Книга И жить еще надежде... - Александр Городницкий
Шрифт:
Интервал:
Закладка:
Моя теща, Нина Ивановна Сундарева, как-то в разговоре заметила, что почти все песни революции — переводные, пришедшие к нам с Запада. Ни одна из них практически не родилась в России. Это и «Интернационал», и «Марсельеза», и та же «Варшавянка». Красноармейцы на Гражданской войне, у костров, подальше от бдительных комиссаров, их не пели. Они предпочитали петь «Ермака» и другие народные песни. Часто одни и те же песни пели и белые, и красные. О чем это говорит? Не о том ли, что сам дух революции, бунта «бессмысленного и беспощадного», чужд российской душе? Вслушайтесь в раздумчивый тон русских народных песен, — вы не отыщете в них и следа грозных мятежей, не раз сотрясавших империю. Даже гениальная стилизация Блока в «Двенадцати»: «Уж я ножичком полосну, полосну» кажется на этом фоне чужеродной и явно звучит из уст маргиналов, которым «на спину б надо бубновый туз».
В 33-м году отец перешел на работу на военно-морскую картфабрику, где проработал почти всю жизнь — около 35 лет. Имя его не раз упоминается в книгах, посвященных истории военной гидрографии в нашей стране.
Даже в те дни, когда отец и мать были вечером дома, они, как правило, работали. Мать проверяла бесконечные ученические тетради, а отец готовился к занятиям или штудировал очередную полиграфическую литературу, которая тогда в основном была на немецком языке. По вечерам, засыпая, я видел отца или мать, склоненных над столиком при неярком свете настольной лампы. Зрелище это вселяло чувство покоя и уюта. Зато настоящими праздниками были те нечастые дни, когда отец ненадолго освобождался и мы отправлялись гулять. Основным местом этих гуляний была набережная Невы, куда няньки не слишком любили ходить, предпочитая ближние бульвары и садики. Здесь начинался другой мир.

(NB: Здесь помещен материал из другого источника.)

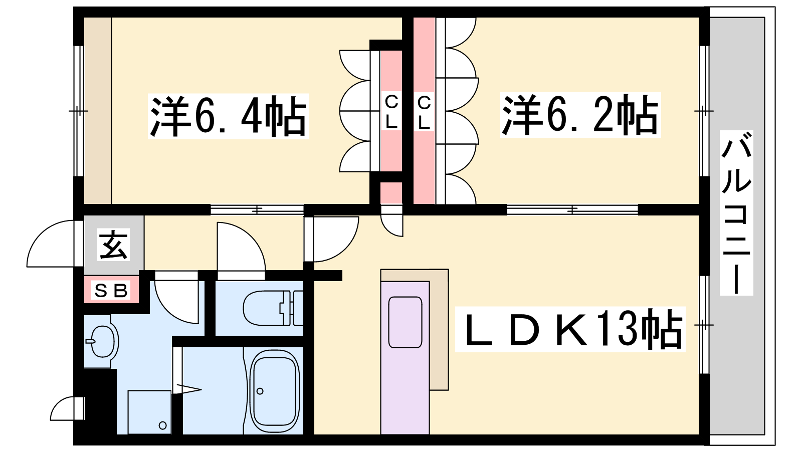 - LDK13帖、洋室6.4帖、洋室6.2帖

Под сырым пронизывающим до костей балтийским ветром поскрипывали у причалов самые разные суда, — от гигантских (так мне тогда казалось) пароходов до маленьких, густо дымивших буксиров, которые все почему-то носили имена героев Великой Французской революции — «Сен-Жюст», «Демулен», «Робеспьер». Веселые матросы курили на палубах. Иногда там же можно было услышать звуки баяна и лихие матросские песни, из которых запомнилась: «По морям, морям, морям, морям. Нынче здесь, а завтра там». За маленькими круглыми окнами в медной оправе, светившимися в черном борту, происходила какая-то таинственная жизнь — уже не на земле, а в другой, хотя и близкой, не далее шага, но совершенно недоступной стихии. Это детское ощущение сладкой притягивающей тревоги и непреодолимого любопытства я вспомнил уже взрослым, когда впервые прочел строки Мандельштама: «Зимуют пароходы. На припеке зажглось каюты толстое стекло».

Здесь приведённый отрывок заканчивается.